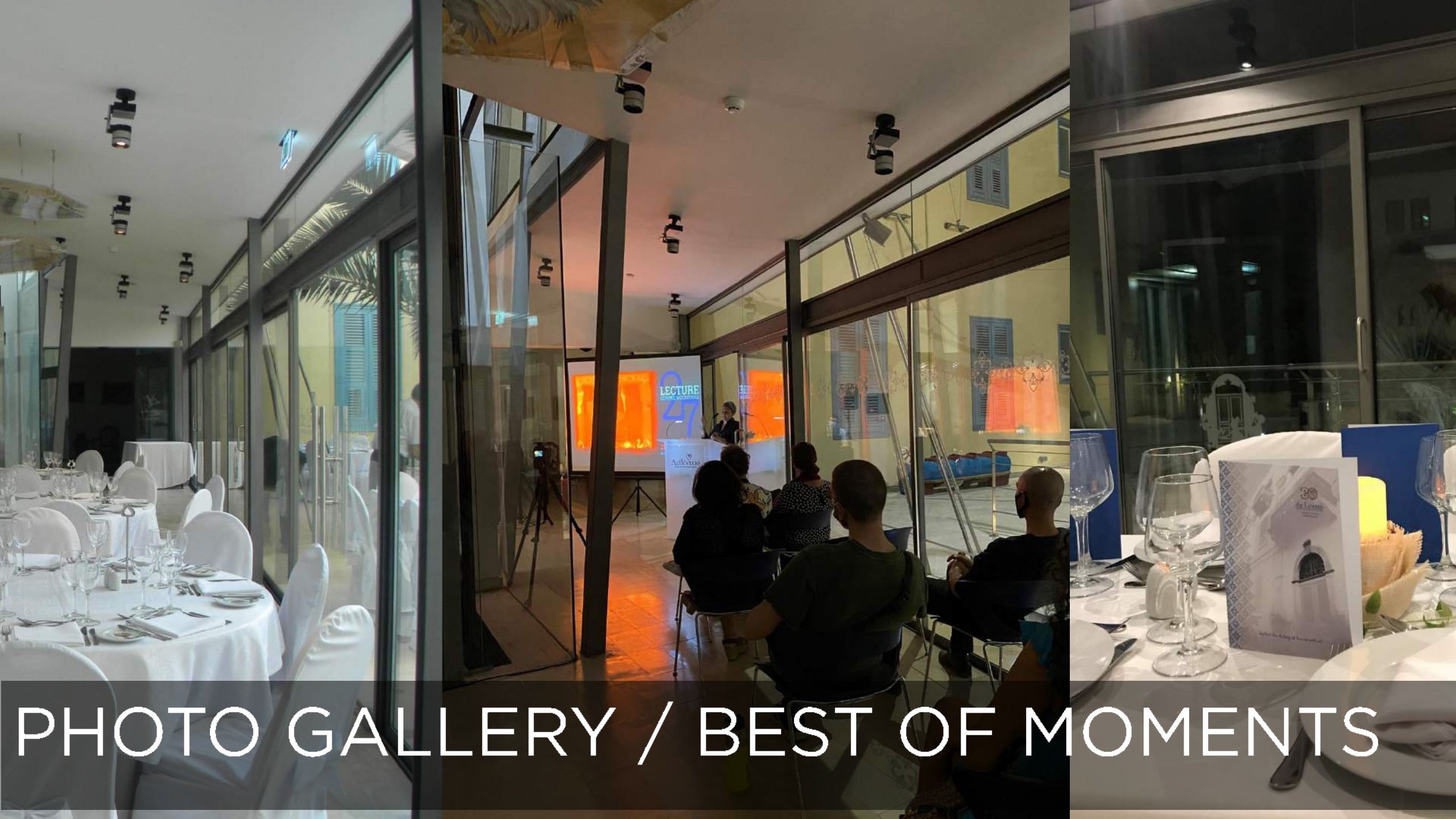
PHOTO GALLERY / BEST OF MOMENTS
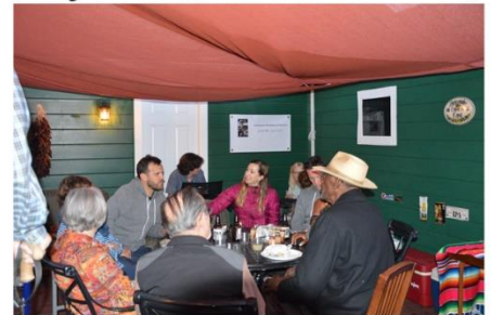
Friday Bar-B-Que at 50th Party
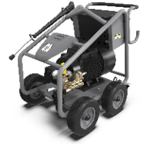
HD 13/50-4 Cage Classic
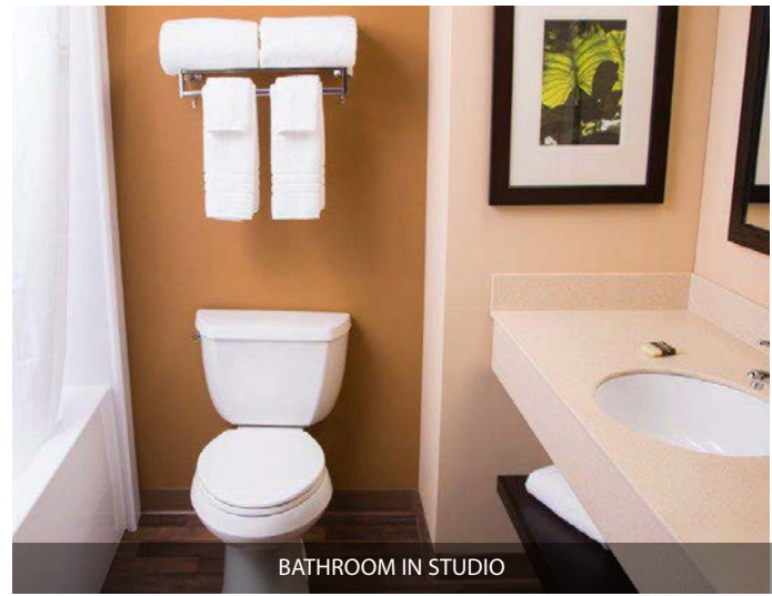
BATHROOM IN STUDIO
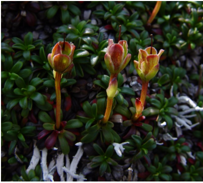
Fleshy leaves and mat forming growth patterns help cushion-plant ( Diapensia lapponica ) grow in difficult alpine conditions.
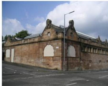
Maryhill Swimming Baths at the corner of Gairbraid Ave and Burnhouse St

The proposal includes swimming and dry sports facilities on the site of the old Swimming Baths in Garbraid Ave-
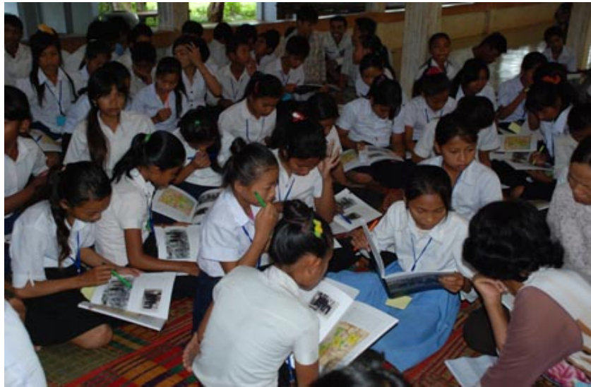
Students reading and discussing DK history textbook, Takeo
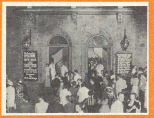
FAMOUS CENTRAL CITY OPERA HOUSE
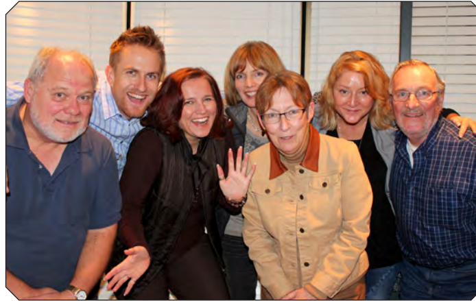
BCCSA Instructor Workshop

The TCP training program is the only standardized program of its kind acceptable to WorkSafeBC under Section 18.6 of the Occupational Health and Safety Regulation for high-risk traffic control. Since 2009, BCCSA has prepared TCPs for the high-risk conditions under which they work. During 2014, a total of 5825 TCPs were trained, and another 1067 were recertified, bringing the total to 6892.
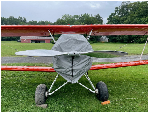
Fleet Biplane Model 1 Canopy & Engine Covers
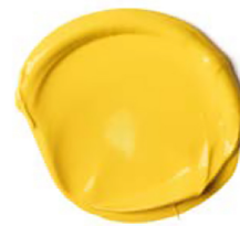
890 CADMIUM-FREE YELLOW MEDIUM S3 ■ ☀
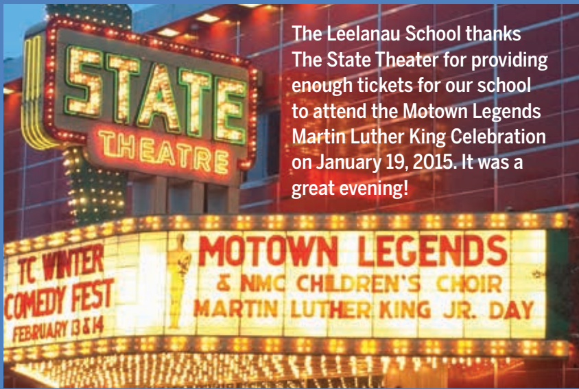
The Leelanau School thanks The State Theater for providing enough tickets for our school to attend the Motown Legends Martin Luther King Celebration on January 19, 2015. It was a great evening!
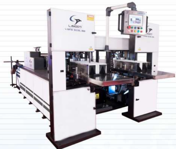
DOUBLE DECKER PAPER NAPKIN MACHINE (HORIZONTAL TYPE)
────
**Task prompt**
Drop the pictures; return the lines above from the line containing "Friday Bar-B-Que at 50th Party" to the line containing "BCCSA Instructor Workshop", both included, exactly.

**Answer section**
Friday Bar-B-Que at 50th Party
HD 13/50-4 Cage Classic
BATHROOM IN STUDIO
Fleshy leaves and mat forming growth patterns help cushion-plant ( Diapensia lapponica ) grow in difficult alpine conditions.
Maryhill Swimming Baths at the corner of Gairbraid Ave and Burnhouse St

The proposal includes swimming and dry sports facilities on the site of the old Swimming Baths in Garbraid Ave-
Students reading and discussing DK history textbook, Takeo
FAMOUS CENTRAL CITY OPERA HOUSE
BCCSA Instructor Workshop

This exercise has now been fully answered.